Microsoft has provided a very mixed message about .NET and Vista. At first, when they released the technical preview of Longhorn at the 2003 PDC Microsoft announced that it used .NET, and indeed it did. Everyone in the .NET world was optimistic about Longhorn. For example, Chris Sells, who is in charge of Longhorn content on Microsoft's MSDN web site (and someone who has my utmost respect), said the following in 2003:

Based On the .NET Framework

First and foremost, while Windows Server 2003 embraced managed code by being the first operating system to ship with the .NET Framework preinstalled, Longhorn is the first operating system whose major new features are actually based on the .NET Framework.

John Montgomery, Director of Product Management said the following in 2003:

Put another way, at PDC 2000, Microsoft debuted the .NET Framework, which introduced a new managed programming model on top of our existing Windows operating systems. With Longhorn and WinFX, we're keeping that managed programming model while building new core parts of the OS, such as moving to the Avalon subsystem next to GDI and User.

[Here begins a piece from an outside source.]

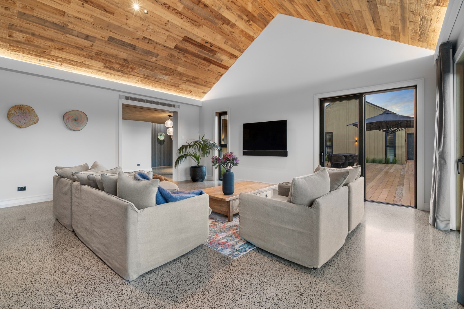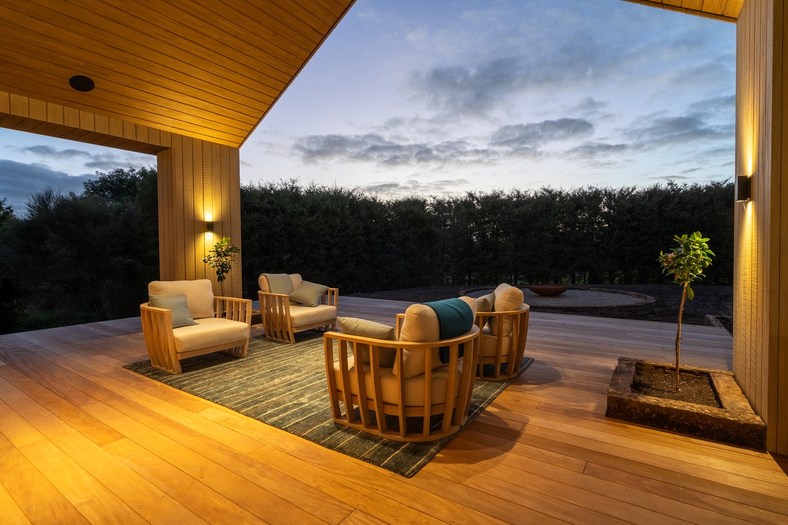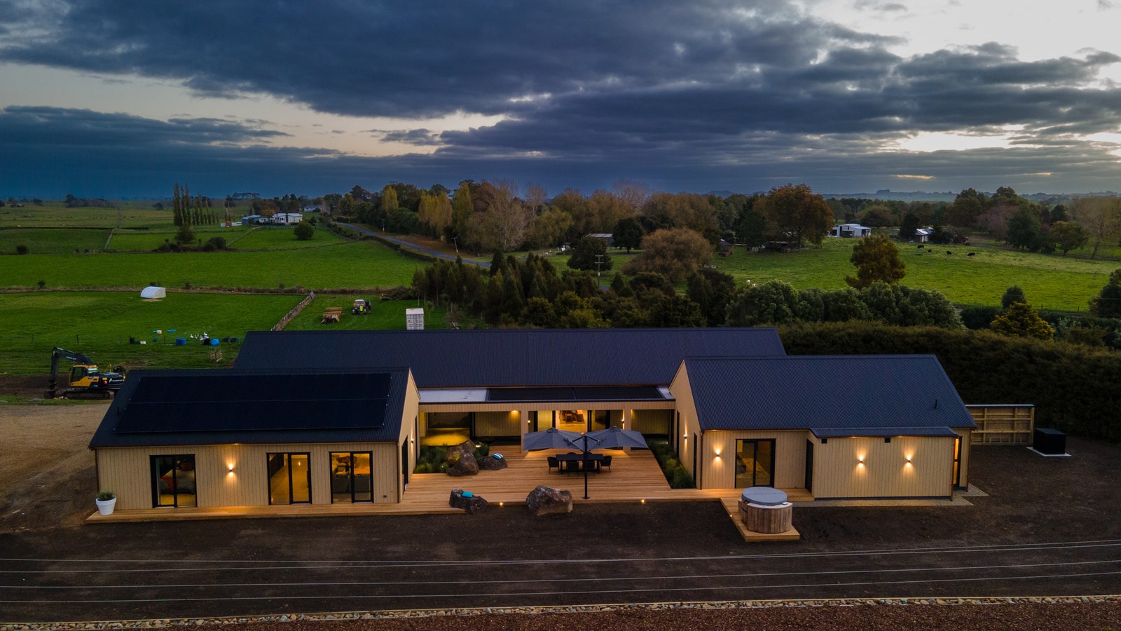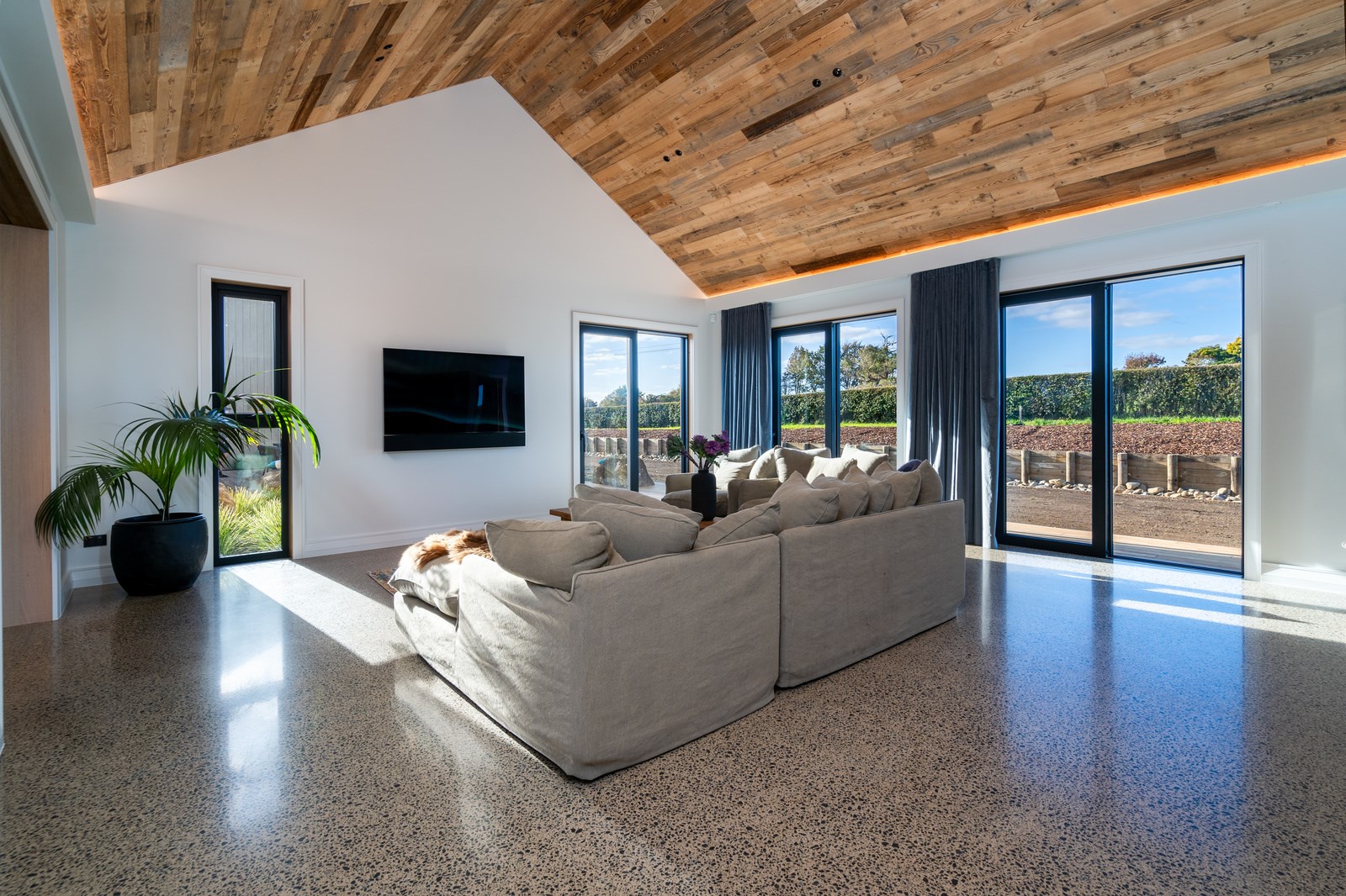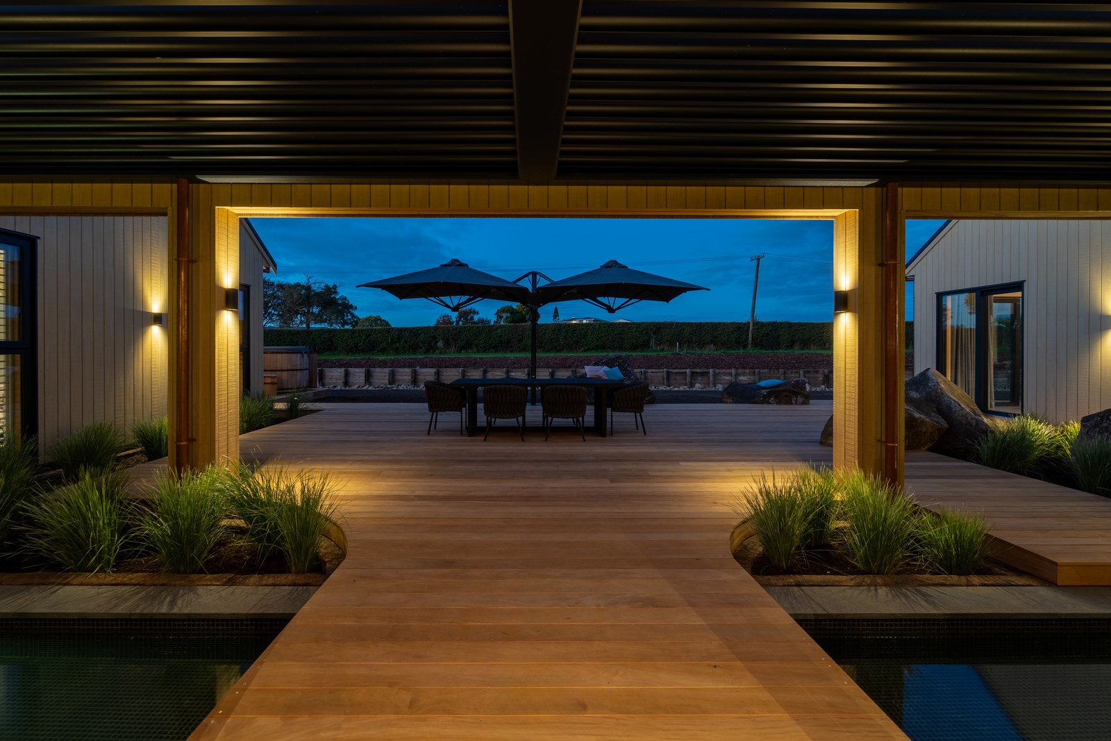 This 445sqm contemporary farmhouse combines luxury, high energy performance, and cutting-edge materials and methods designed for sustainability.  There are three bedrooms, all with en suites, in the three shiplap-clad linked pavilions, including a standalone guest pavilion.  One of the standout features is a canal-like rill water feature that runs along the exterior of the main living pavilion framed by floor-to-ceiling glass. Other exceptional details of the home are polished concrete floors, and a rich palette of Tasmanian oak, reclaimed timber ceilings and charred wood. The open-plan living and dining space is anchored by a striking marble-wrapped kitchen island with oak cabinetry. The living area extends out into a portico over a large deck. Opulent bathrooms feature floor-to-ceiling glazed porcelain tiles, bespoke cabinetry, and brushed brass fittings.

Michael Wallent, general manager of the Avalon team said in 2003 (on the .NET Show):

One of the most important things when you think about Longhorn is, it's not just another operating system release like Windows XP or Windows 2000. We think about it more like a wave, and the wave is really made up of more than just any one particular thing. Think about the wave being built upon a foundation of a new platform investment that we've made across the board, built on top of the .NET foundation. And then with Longhorn there'll be client releases and a server release.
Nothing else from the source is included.